Data-center server makers Lenovo, Supermicro, Wiwynn and QCT said they would ship HGX-2 systems by the end of the year. Some of the biggest customers for HGX-2 systems are likely to be hyperscale providers, so it’s no surprise that Foxconn, Inventec, Quanta and Wistron are also expected to manufacture servers that use the new platform for cloud data centers.
The HGX-2 is built using two GPU baseboards that link the Tesla GPUs via NVSwitch interconnect fabric. The HGX-2 baseboards handle 8 processors each, for a total of 16 GPUs. The HGX-1, announced a year ago, handled only 8 GPUs.
Nvidia describes the HGX-2 as a “building block” around which servers makers can build systems that can be tuned to different tasks. It’s the same systems platform on which Nvidia’s own, upcoming DGX-2 is based. The news here is that the company is making the platform available to server makers along with a reference architecture so that systems can ship by the end of the year.
Nvidia CEO Jensen Huang made the announcement at the company’s GPU Technology Conference in Taiwan Wednesday.
Nvidia said two months ago at the San Jose iteration of its tech conference that the DGX-2, expected to be the first HGX-2-based system to ship, will be able to deliver two petaflops of computing power — performance usually associated with hundreds of clustered servers. DGX-2 systems start at $399,000.
Nvidia said HGX-2 test systems have achieved record AI training speeds of 15,500 images per second on the ResNet-50 training benchmark, and can replace up to 300 CPU-only servers that altogether would cost millions of dollars.
GPUs have found a niche in training data sets — essentially creating neural-network models — for machine-learning applications. The massively parallel architecture of GPUs make them particularly suitable for AI training.
The selling point for the the HGX-2 is that it can be configured for both AI training as well as inferencing: actually putting the neural networks to use in real-life situations. The HGX-2 also targets HPC applications for scientific computing, image and video rendering, and simulations.
“We believe the future of computing requires a unified platform,” said Paresh Kharya, group product marketing manager for AI and accelerated computing at Nvidia. “What’s really unique about HGX-2 is its multiprecision computing capabilities.”

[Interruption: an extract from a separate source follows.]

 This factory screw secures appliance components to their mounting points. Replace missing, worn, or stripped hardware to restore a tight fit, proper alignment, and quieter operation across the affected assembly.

Kharya said the platform allows for high-precision calculations using up to FP64 — or 64-bit double precision math — for scientific computing and simulations, while also offering FP16 (16-bit floating point arithmetic) and Int8 (a type of inferencing instruction) for AI workloads.
Each HGX-2 baseboard hosts six NVSwitches that are fully non-blocking switches with 18 ports, such that each port can communicate with any other port at full NVLink speed, Nvidia said. NVlink is Nvidia’s own interconnect technology, which has already been licensed by IBM.

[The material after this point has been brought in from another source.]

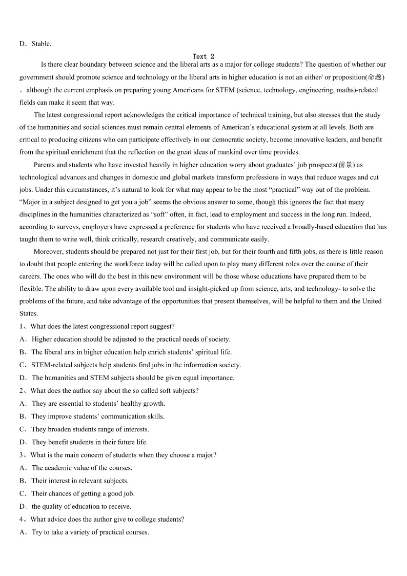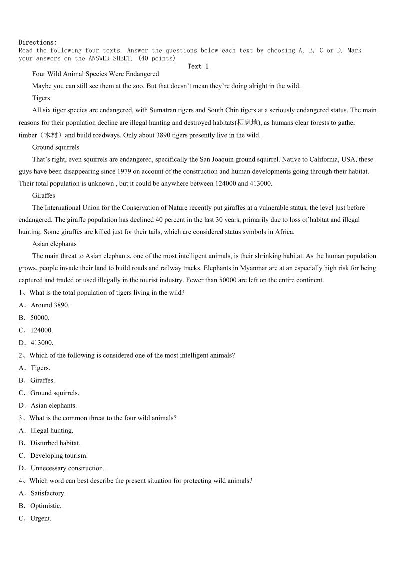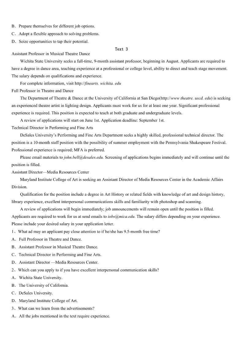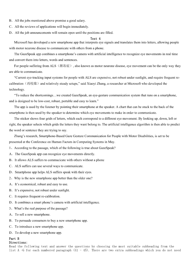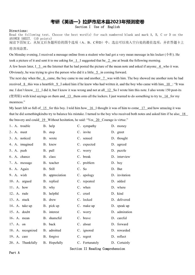 考研《英语一》拉萨市尼木县2023年预测密卷 SectionIUseofEnglish Directions: Readthefollowingtext.Choosethebestword(s)foreachnumberedblankandmarkA,B,CorDonthe ANSWERSHEET.(10points) 阅读下面短文,从短文后各题所给的四个选项(A、B、C和D)中,选出可以填入空白处的最佳选项,并在答题卡上 将该项涂黑。 OnMondayevening,Ireceivedamessageonlinefromastudentwhohadgotaverymeanmessageinhislocker(小柜).He tookapictureofitandsentittomeaskingfor1Isuggestedthathe2meatbreakthefollowingmorning. Afewhourslater,I3ontheInternetthathehadpostedthepictureofthemeannoteandaskedifanyone4whoitwas. Obviously,hewastryingtogivethepersonwhodiditalittle5incomingforward. Thenextdaywhenthe6came,theboycametomeandanother7waswithhim.Theboyshowedmeanothernotehehad received8thiswasaheartfelt9Iaskedhimifheknewwhohadwrittenit,andtheboywhocamewithhim10:“Itwas me.Idon’tknow11Ididit,butIknowitwaswrongandnotatall12SoIwrotehimthisnote.Ialsowrote150post-its (便利贴)withkindsayingsonthemand13themontoallthelockers.Ijustwantedtodosomethingtotryto14formy meanness.” Myheartfeltsofullof15forthisboy.Itoldhimhow16Ithoughtitwasofhimtocome17andhowamazingitwas thathedidsomethingkindtotrytobalancehismistake.Iturnedtotheboywhoreceivedbothnotesandaskedhimifhealso18 thebraveryandcould19Withouthesitation,hesaid:“Yes20Courageisvirtue.” 1、A.troubleB.helpC.sympathyD.money 2、A.meetB.stopC.inviteD.greet 3、A.noticedB.wroteC.sensedD.thought 4、A.imaginedB.knewC.expectedD.agreed 5、A.pushB.pullC.worryD.puzzle 6、A.chanceB.classC.breakD.interview 7、A.messageB.teacherC.problemD.boy 8、A.AgainB.StillC.SoD.But 9、A.wishB.appreciationC.apologyD.invitation 10、A.arguedB.repliedC.repeatedD.added 11、A.howB.whyC.whenD.where 12、A.rudeB.helpfulC.cruelD.kind 13、A.stuckB.drewC.lockedD.delivered 14、A.takeupB.pickupC.makeupD.speakup 15、A.doubtB.interestC.worryD.admiration 16、A.meanB.shamefulC.braveD.careful 17、A.onB.backC.aboutD.forward 18、A.recognizedB.admittedC.ignoredD.rewarded 19、A.careB.forgiveC.regretD.reflect 20、A.ThankfullyB.HopefullyC.FortunatelyD.Certainly SectionIIReadingComprehension PartA Directions: Readthefollowingfourtext

The two baseboards in each HGX-2 platform communicate via 48 NVLink ports. The topology lets all 16 GPUs (eight on each baseboard) to communicate with any other GPU simultaneously at full NVLink speeds of 300GB per second, Nvidia said.
“We’re breaking a lot of classic boundaries with this system,” said Kharya. “We’re pushing the limits on what a single system can do on 10 kilowatts of power.”

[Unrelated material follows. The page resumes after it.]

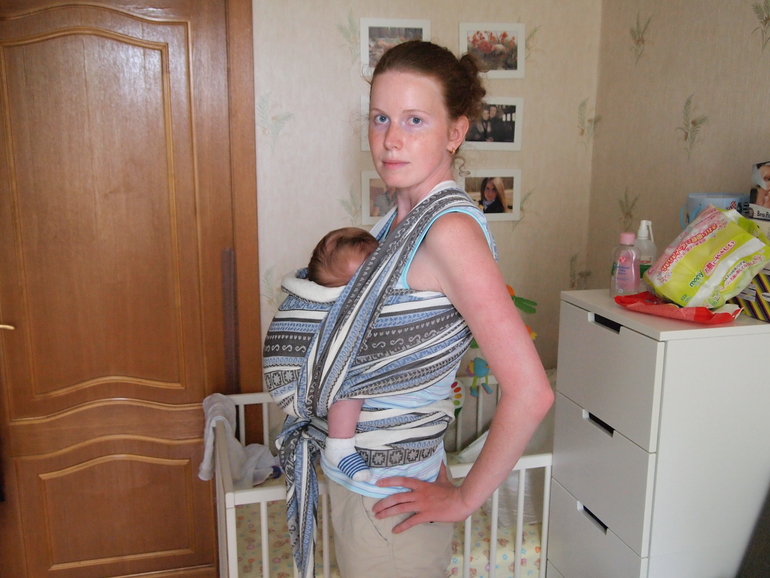 Во-первых, у меня постоянная проблема с натяжением верха кармана. Натянут недостаточно, так? В видеороликах ловко так потянули-притянули, а у меня так не получается. Ребенок в процессе отталкивается от меня руками и норовит свеситься то в одну, то в другую сторону, и почему-то иногда тяну жгут из-за спины вверх и в сторону, а ребенок плотнее не притягивается. Что я делаю не так? Какую видеоинструкцию еще посмотреть кроме слингопарковской?

Nvidia also announced that it is offering eight classes of GPU-accelerated server platforms, each using dual Xeon processors for CPUs, but with different GPU core counts and configured differently for various AI and HPC needs. At the high end, Nvidia’s HGX-T2 is based on the HGX-2, with 16 Tesla V100 GPUs and tuned for training giant multilevel machine-learning neural networks. At the low end, Nvidia is offering the SCX-E1, with two Tesla V100 GPUs, which incorporates PCIE interconnect technology; this systems draws 1,200 watts and is aimed at entry-level HPC computing.
In Nvidia nomenclature, HGX-T systems are for AI training, HGX-I systems are for AI inferencing, and SCX systems are for HPC and scientific computing.
Nvidia has a firm grip on the market for GPUs aimed at AI workloads, but is destined to face increasing competition. Intel bought deep-learning startup Nervana Systems in 2016 and is now finishing work on what it calls the Intel Nervana Neural Network Processor (NNP). In addition, FPGA makers like Xylinx are offering ever-more powerful FPGAs (field programmable gate arrays) that are being snapped up for AI inferencing.
While FPGAs lack the brute performance power to compete with GPUs for AI training, they can be programmed to process each level of a neural network, once its built, with the least precision suitable for that layer — a flexibility ideal for inferencing.